Brief Facts:

  1. The Taxpayer, an Indian company engaged in the business of manufacturing of jeeps, entered into an agreement with a supplier based in USA (US Co) for purchase of tooling and other equipment for
  2. manufacture of jeeps (capital equipment).
  3. The US Co supplied the capital equipment through its US subsidiary. Further, for procurement of the capital equipment, US Co also provided an interest-bearing loan to the Taxpayer, repayable after 10 years in installments.
  4. The Taxpayer capitalized the equipment in its books and claimed depreciation thereon in its tax computation.
  5. Subsequently, another US entity acquired US Co and also agreed to waive off the principal amount of loan advanced by US Co to the Taxpayer.
  6. The Taxpayer claimed the principal amount of loan waived as capital receipt not taxable under the ITL. But the Tax Authority treated the waiver amount as Taxpayer’s business income.
  7. The First Appellate Authority ruled in favour of the Tax Authority with certain modifications.

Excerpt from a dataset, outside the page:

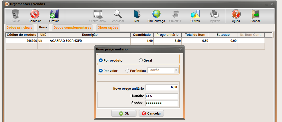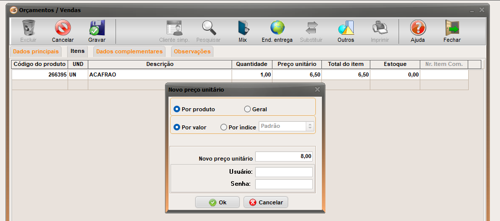 vendedor aumenta o preço de algum produto na venda, esse aumento gera um saldo

On further appeal, the Mumbai Tribunal and the Bombay High Court (HC) ruled in favour of the Taxpayer and held that the waiver was neither taxable as business perquisite nor taxable under the clawback provision.
  8. Being aggrieved, the Tax Authority appealed further to the Supreme Court.

Question:

  1. Whether the amount of loan waived can be taxed as business perquisite?
  2. Whether the amount of loan waived can be taxed as income as per the provisions of Section 41(1) of Income Tax 1961?